Activity
Leave out the pictures and copy every record exactly.
### Material for the task ###
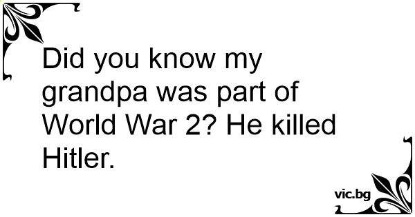 Did you know my grandpa was part of World War 2? He killed Нiтlеr.
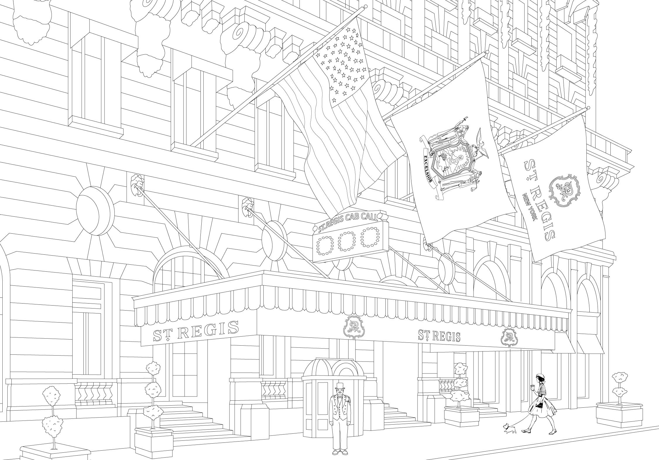 Color Our Town coloring books illustrate the beauty and diversity of America’s cities. For The St. Regis New York, Jake collaborated with the talented Joni McKown to create this beautiful coloring guidebook, celebrating New York City and the iconic St. Regis Hotel.
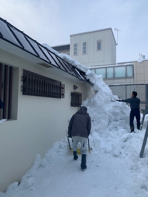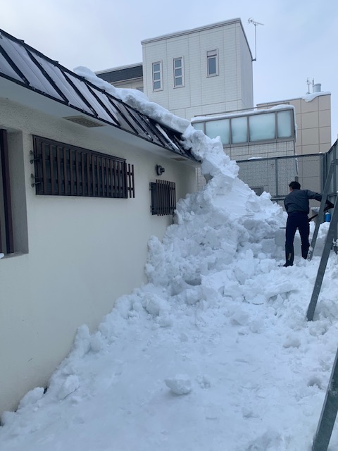 屋根雪が落ちて地面についてるじゃ、
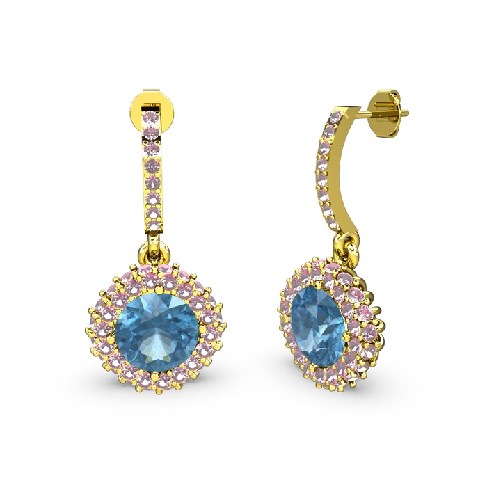 Akuamarin ve pembe kuvars 8 ayar altın küpe
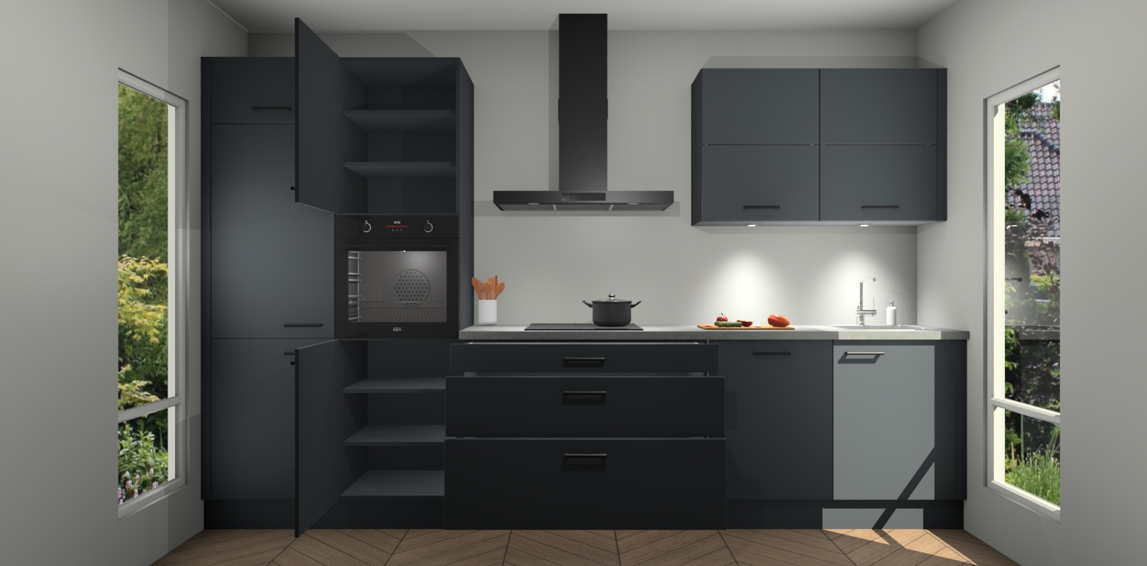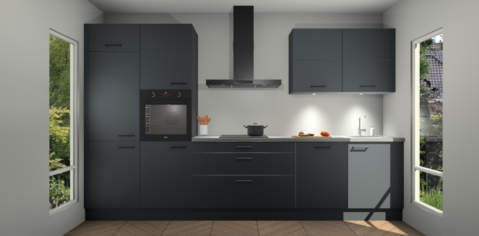 Maak kennis met de nieuwe Onyxgrijze Keuken Parijs - de perfecte designcombinatie van gemak, moderne elegantie en ultramodern design. Met een gemakkelijk te reinigen Onyxgrijze afwerking, zal de slankheid van deze keuken zeker een vleugje luxe toevoegen aan elke ruimte die hij inneemt.
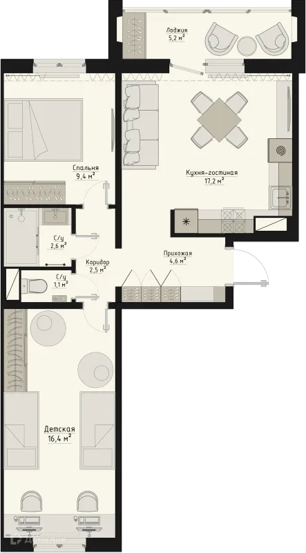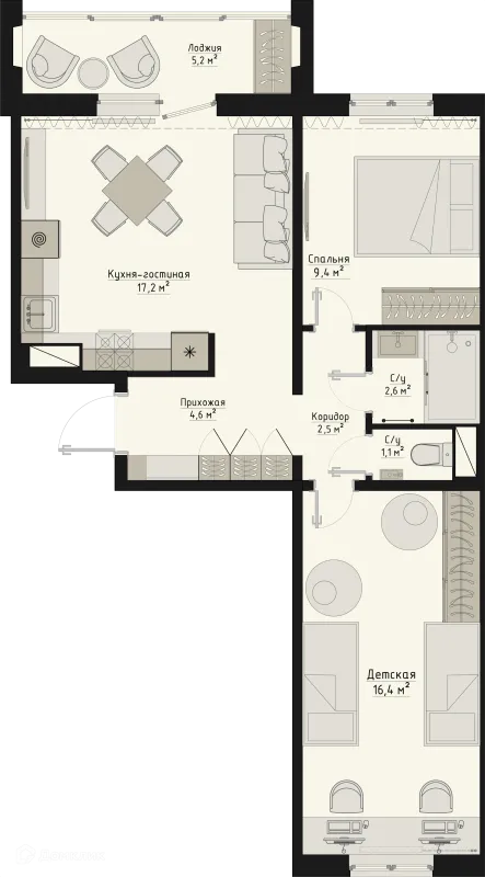 2 комн. квартира в Кургане в ипотеку от 45 870 руб/месяц
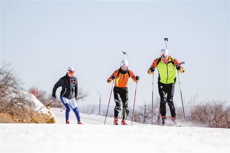 接下來,冰球場工作人員將用噴漆畫線裝置進(jìn)行白漆噴涂,一共噴涂三遍,畫線包括藍(lán)線、紅線、爭球圈、球門區(qū)。另外還要進(jìn)行LOGO鋪設(shè)。上述工序完成后,還要繼續(xù)澆冰增加冰面厚度,冬奧會對冰面要求平均厚度約為4厘米,冬殘奧會冰面平均厚度約為5厘米。
###
Output of the exercise
 Did you know my grandpa was part of World War 2? He killed Нiтlеr.
 Color Our Town coloring books illustrate the beauty and diversity of America’s cities. For The St. Regis New York, Jake collaborated with the talented Joni McKown to create this beautiful coloring guidebook, celebrating New York City and the iconic St. Regis Hotel.
 屋根雪が落ちて地面についてるじゃ、
 Akuamarin ve pembe kuvars 8 ayar altın küpe
 Maak kennis met de nieuwe Onyxgrijze Keuken Parijs - de perfecte designcombinatie van gemak, moderne elegantie en ultramodern design. Met een gemakkelijk te reinigen Onyxgrijze afwerking, zal de slankheid van deze keuken zeker een vleugje luxe toevoegen aan elke ruimte die hij inneemt.
 2 комн. квартира в Кургане в ипотеку от 45 870 руб/месяц
 接下來,冰球場工作人員將用噴漆畫線裝置進(jìn)行白漆噴涂,一共噴涂三遍,畫線包括藍(lán)線、紅線、爭球圈、球門區(qū)。另外還要進(jìn)行LOGO鋪設(shè)。上述工序完成后,還要繼續(xù)澆冰增加冰面厚度,冬奧會對冰面要求平均厚度約為4厘米,冬殘奧會冰面平均厚度約為5厘米。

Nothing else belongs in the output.